In the famous story played in a TV movie about his life produced by Bulls legend Chet Walker, chieftains of the notorious Vice Lords street gang appeared at homes on the West Side of Chicago to take recruits. One summer night in 1966, 25 chiefs stopped in front of the home of Mary Thomas. There were nine children, seven boys, with Isiah the youngest. They lived then on the first floor of a two-story red brick building on Congress Street facing the Eisenhower Expressway. The bangers had guns.

“We want your boys,” the gang leader told her. ”They can’t walk around here and not be in a gang.” She looked him in the eye and said, ”There’s only one gang around here, and that’s the Thomas gang, and I lead that.” She shut the door and came back with a shotgun.

“Get off my porch,” she said, ”or I’ll blow you across the Expressway.’’

Isiah never joined a gang.

It became basketball. First at Our Lady off Sorrows elementary and to stay safe, if not convenient, Isiah got into mostly white St. Joseph’s in west suburban Westchester. So it would be up at 5:30 a.m. for a 90 minute trip to school. St Joseph’s became a state power. Isiah went on to Indiana University, and after leading them to an NCAA title as a sophomore and deflecting the wrath of Bobby Knight, Thomas went on to be the No. 2 pick in the 1981 NBA draft to the Pistons.

The Bulls had the No. 6 selection and Isiah was angling to get there. He desperately wanted to play for the Bulls.

But he was the top rated prospect in the draft. So when he went to Dallas, which had the No. 1 pick, he told owner Don Carter in his cowboy hats and boots how stupid he looked and he wasn’t wearin’ no ridiculous cowboy outfit. The Mavericks selected Thomas’ buddy, Mark Aguirre at No. 1. Thomas then told Pistons GM Jack McCloskey what a pit Detroit was. McCloskey told him to complain all he wanted, he was going to be a Piston.

Even still, Isiah was a hero to Chicago.

The Bulls were lousy, and Isiah was an instant star starting every All-Star game from his rookie season, the first NBA player ever to do it his first five times. The Pistons were starting to win, 49 wins by 1983-84, and Isiah still was the hometown hero when he was back at his favorite courts in Gladys Park (Gunderson) Park.

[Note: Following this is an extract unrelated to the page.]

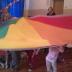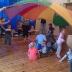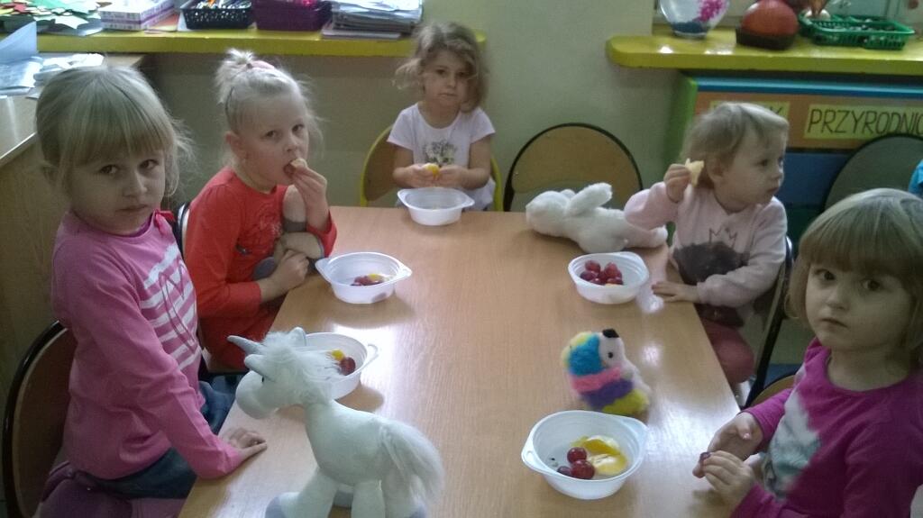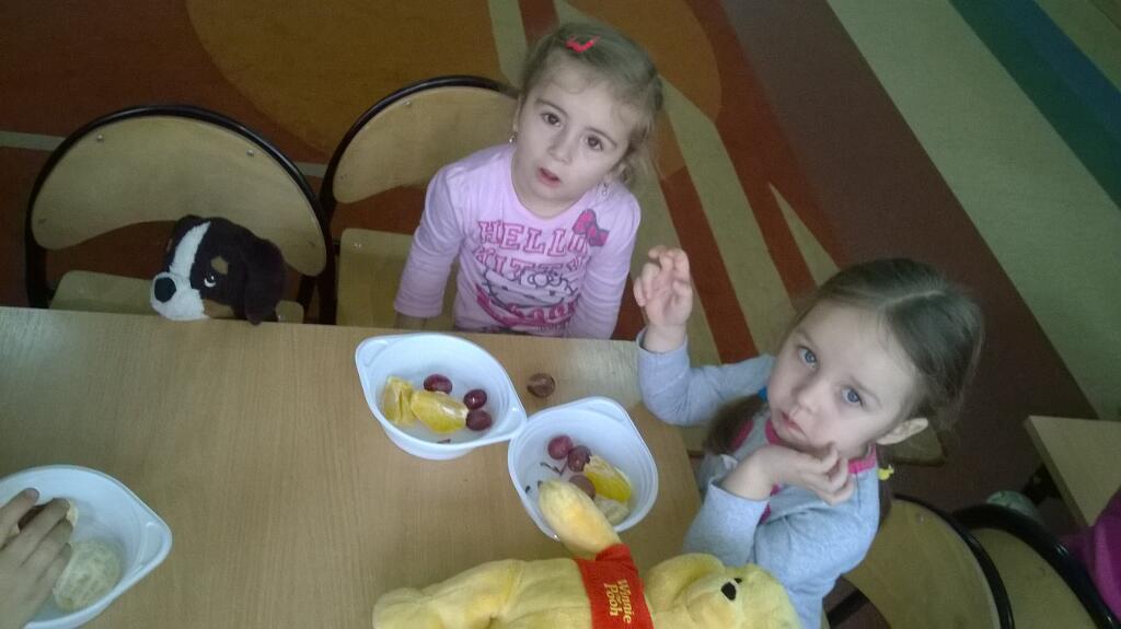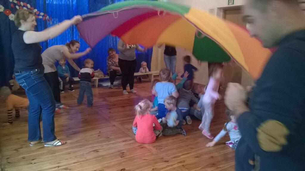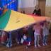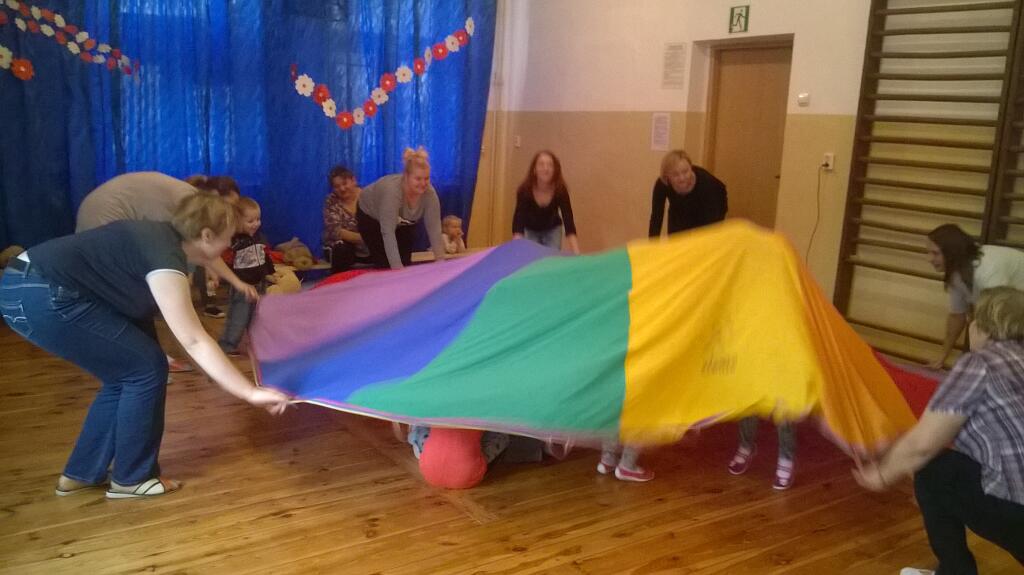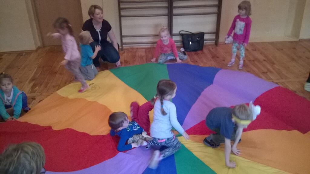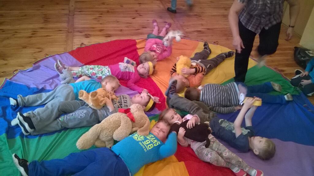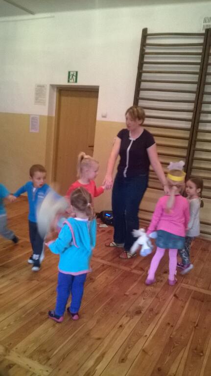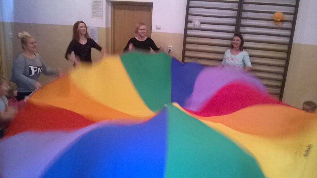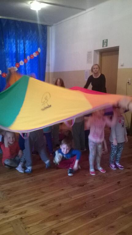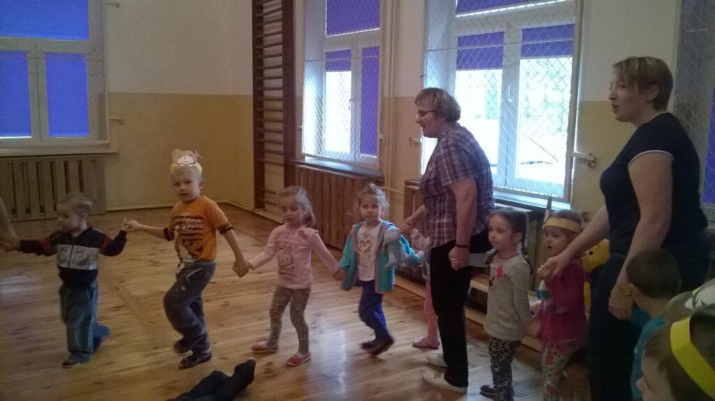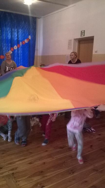 Uroczysty dzień rozpoczął się od wspólnego, owocowego poczęstunku. Następnie przedszkolaki zostały zaproszone do wspólnej zabawy wraz z rodzicami w misiowej krainie. Wspólnie bawiły się przy piosenkach: "Stary niedźwiedź", 'Jadą, jadą misie". Ale największą radość sprawiła dzieciom zabawa z chustą animacyjną, w której uczestniczyli również rodzice.

Until that Bulls rookie came along with the tongue hanging out of both his mouth and his famous sneakers, and finally Bulls fans could begin to wipe away the haze of defeat. Isiah still came back to Gladys Park, but this time the hangers on were yelling that he wasn’t good enough for Jordan. How could that be?

* * * *

The Buildup and the background.

It was love at first dunk for Chicago with Michael Jordan.

The Bulls had a great run in the early 1970s, but more on grit than talent, and the talent always prevailed as first Kareem and then Wilt took them out of the playoffs year after year. There was a brief resurgence with the merger acquisition of ABA superstar Artis Gilmore, but they ran into Bill Walton’s one magical season and the Bulls soon faded back to basketball oblivion. There seemed to be almost as many drug rehab stints as wins some of those seasons.

And then came Michael.

He shocked the world in the 1984 Olympics as the coach of Spain’s team marveled how everyone went up and came down, and this Michael stayed up.

But it still was the league of Magic and Larry and to a developing extent Isiah, and certainly at the All-Star game.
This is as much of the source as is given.